**What this task involves**
Every line in the listing below from the one with "充iPhone X,电压9." through the one with "세탁방법 및 취급시 주의사항 본 제품은 손세탁 하십시오.(케어라벨참고)" is to be reproduced exactly, both ends included; leave out the rest.

**Source records**
________________________________________

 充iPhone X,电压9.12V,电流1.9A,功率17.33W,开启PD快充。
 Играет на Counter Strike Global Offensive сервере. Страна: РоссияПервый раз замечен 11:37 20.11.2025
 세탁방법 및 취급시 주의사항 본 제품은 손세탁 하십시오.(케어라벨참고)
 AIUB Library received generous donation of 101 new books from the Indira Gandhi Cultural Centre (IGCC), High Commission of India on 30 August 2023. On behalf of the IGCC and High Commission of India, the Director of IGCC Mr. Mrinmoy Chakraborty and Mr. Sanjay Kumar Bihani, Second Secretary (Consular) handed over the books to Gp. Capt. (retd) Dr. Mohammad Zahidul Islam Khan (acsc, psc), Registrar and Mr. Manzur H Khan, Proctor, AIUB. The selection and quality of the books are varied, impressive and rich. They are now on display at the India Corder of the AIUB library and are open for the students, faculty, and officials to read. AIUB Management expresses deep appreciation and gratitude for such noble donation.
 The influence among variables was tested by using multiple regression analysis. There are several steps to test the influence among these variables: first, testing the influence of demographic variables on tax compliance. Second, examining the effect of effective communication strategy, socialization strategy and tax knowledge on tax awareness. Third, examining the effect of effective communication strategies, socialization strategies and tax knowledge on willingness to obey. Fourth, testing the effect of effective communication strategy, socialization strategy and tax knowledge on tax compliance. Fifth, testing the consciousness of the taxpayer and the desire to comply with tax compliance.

________________________________________

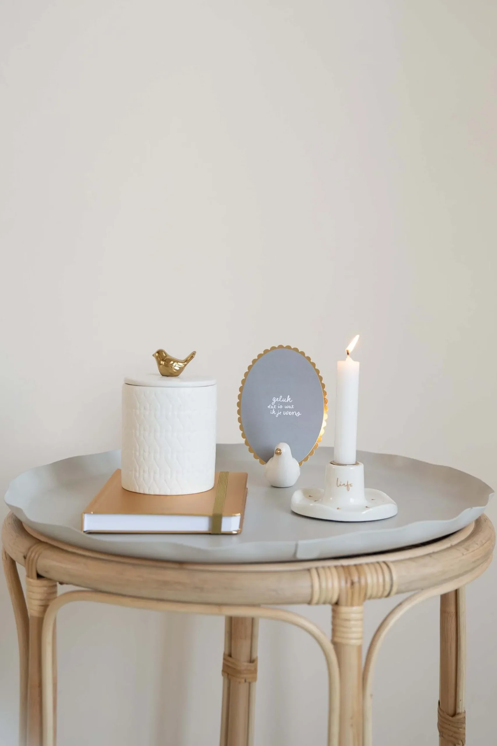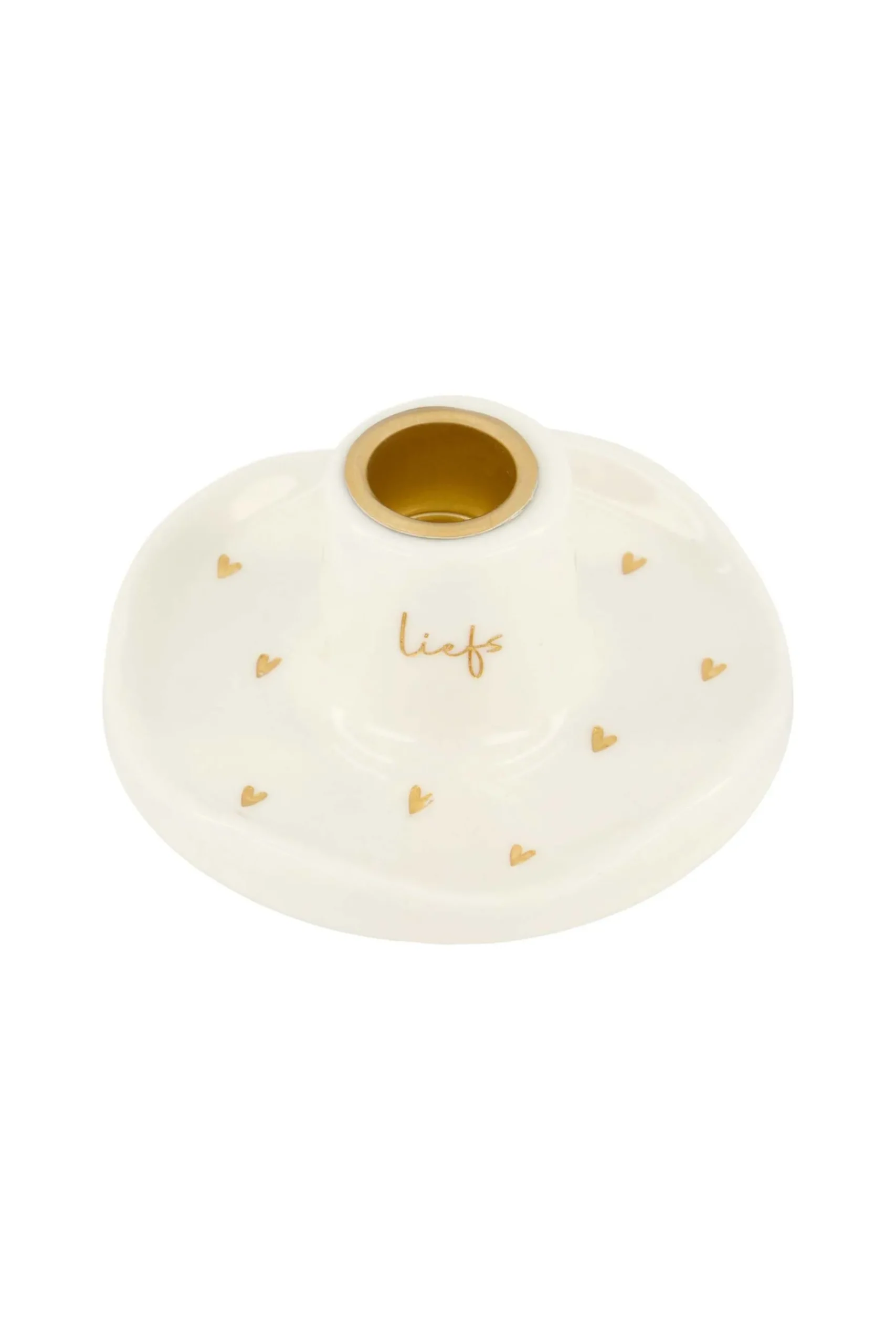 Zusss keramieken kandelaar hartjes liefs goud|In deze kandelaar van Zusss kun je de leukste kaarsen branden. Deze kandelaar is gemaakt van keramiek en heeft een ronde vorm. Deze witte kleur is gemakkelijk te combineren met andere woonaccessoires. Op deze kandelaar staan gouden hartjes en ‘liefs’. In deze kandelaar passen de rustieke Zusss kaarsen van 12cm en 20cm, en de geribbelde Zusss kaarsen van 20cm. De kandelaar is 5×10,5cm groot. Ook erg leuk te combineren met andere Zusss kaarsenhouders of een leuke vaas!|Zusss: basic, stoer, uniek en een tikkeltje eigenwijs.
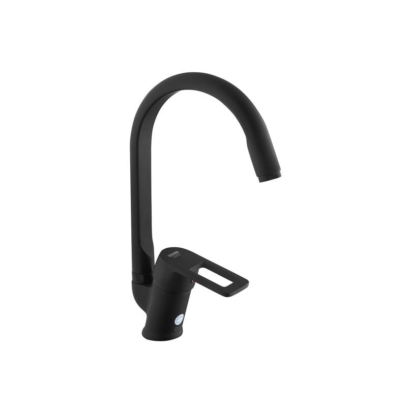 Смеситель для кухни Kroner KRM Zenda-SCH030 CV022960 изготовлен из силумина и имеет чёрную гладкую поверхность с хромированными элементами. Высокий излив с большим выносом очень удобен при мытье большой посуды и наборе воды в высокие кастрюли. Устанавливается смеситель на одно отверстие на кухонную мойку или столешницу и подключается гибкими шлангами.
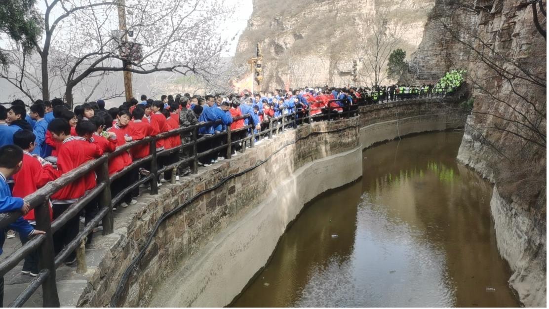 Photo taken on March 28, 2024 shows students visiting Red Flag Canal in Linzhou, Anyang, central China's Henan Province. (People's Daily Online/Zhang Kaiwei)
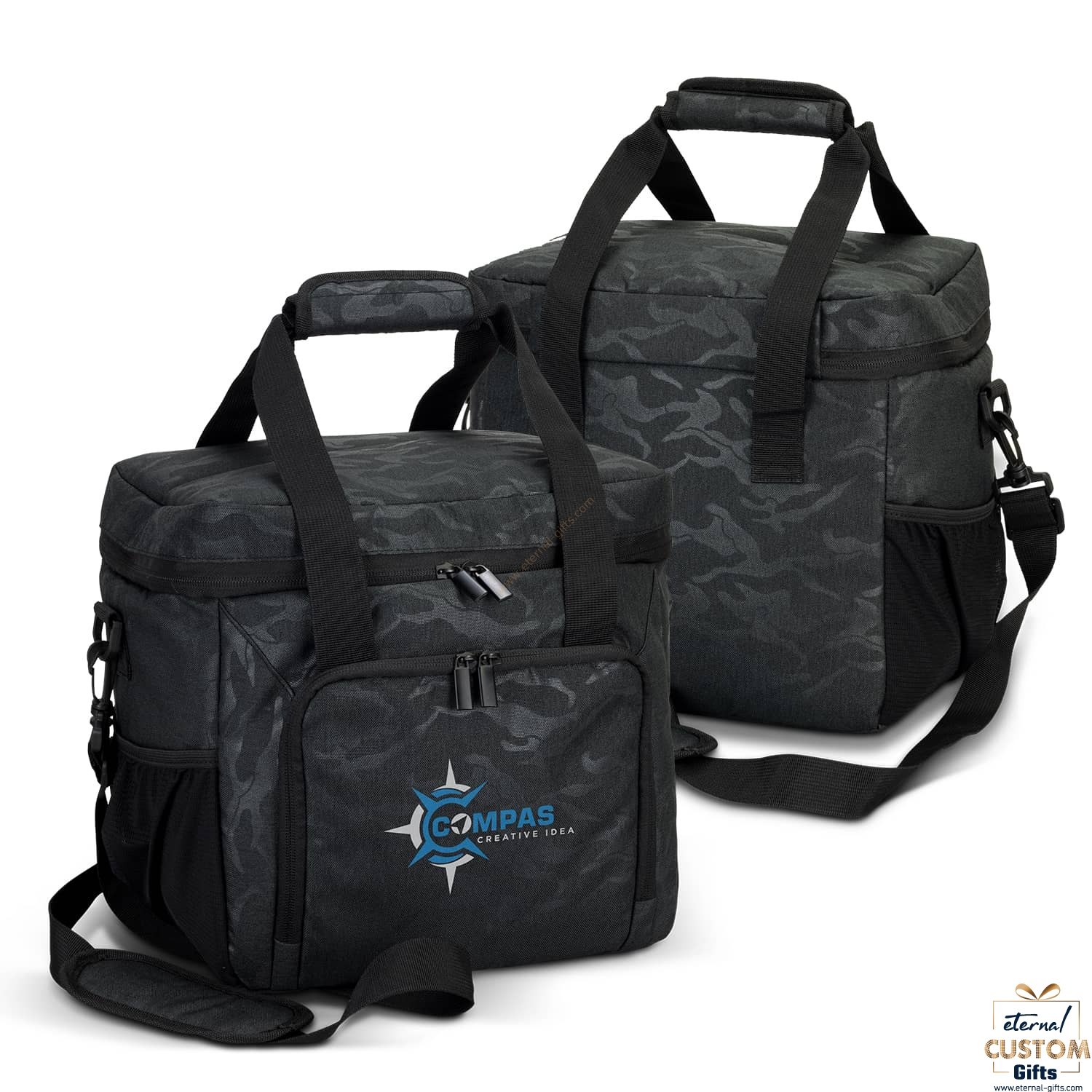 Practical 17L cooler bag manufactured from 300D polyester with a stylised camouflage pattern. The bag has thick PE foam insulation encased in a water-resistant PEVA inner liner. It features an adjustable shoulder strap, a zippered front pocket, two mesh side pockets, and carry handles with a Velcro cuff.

________________________________________

**Exercise solution**
 充iPhone X,电压9.12V,电流1.9A,功率17.33W,开启PD快充。
 Играет на Counter Strike Global Offensive сервере. Страна: РоссияПервый раз замечен 11:37 20.11.2025
 세탁방법 및 취급시 주의사항 본 제품은 손세탁 하십시오.(케어라벨참고)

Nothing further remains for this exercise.